### Your goal
Return the data below exactly, but only from the line containing "Esaterako, lehen pendulua, n=0, y=+A" through the line containing "非洲鼓課:激情鼓點,釋放快樂", with both of those lines included.

### Records supplied
#####

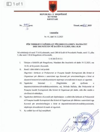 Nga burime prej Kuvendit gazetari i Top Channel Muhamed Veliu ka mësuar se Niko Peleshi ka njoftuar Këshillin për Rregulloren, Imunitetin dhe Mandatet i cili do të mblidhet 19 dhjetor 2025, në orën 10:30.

#####

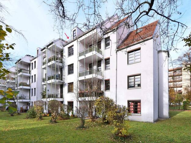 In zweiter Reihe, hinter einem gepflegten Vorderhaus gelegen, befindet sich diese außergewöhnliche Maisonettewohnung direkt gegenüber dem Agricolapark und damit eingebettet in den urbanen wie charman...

#####

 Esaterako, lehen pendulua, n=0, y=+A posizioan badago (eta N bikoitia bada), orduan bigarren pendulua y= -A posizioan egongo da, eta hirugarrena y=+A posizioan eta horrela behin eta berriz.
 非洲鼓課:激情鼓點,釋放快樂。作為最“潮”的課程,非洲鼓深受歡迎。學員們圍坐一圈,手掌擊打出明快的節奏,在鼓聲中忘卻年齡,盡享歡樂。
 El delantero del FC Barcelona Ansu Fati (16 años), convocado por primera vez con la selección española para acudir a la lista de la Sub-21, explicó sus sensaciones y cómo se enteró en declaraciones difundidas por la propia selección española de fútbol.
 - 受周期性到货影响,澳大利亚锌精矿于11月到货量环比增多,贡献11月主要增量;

#####

### Response area
 Esaterako, lehen pendulua, n=0, y=+A posizioan badago (eta N bikoitia bada), orduan bigarren pendulua y= -A posizioan egongo da, eta hirugarrena y=+A posizioan eta horrela behin eta berriz.
 非洲鼓課:激情鼓點,釋放快樂。作為最“潮”的課程,非洲鼓深受歡迎。學員們圍坐一圈,手掌擊打出明快的節奏,在鼓聲中忘卻年齡,盡享歡樂。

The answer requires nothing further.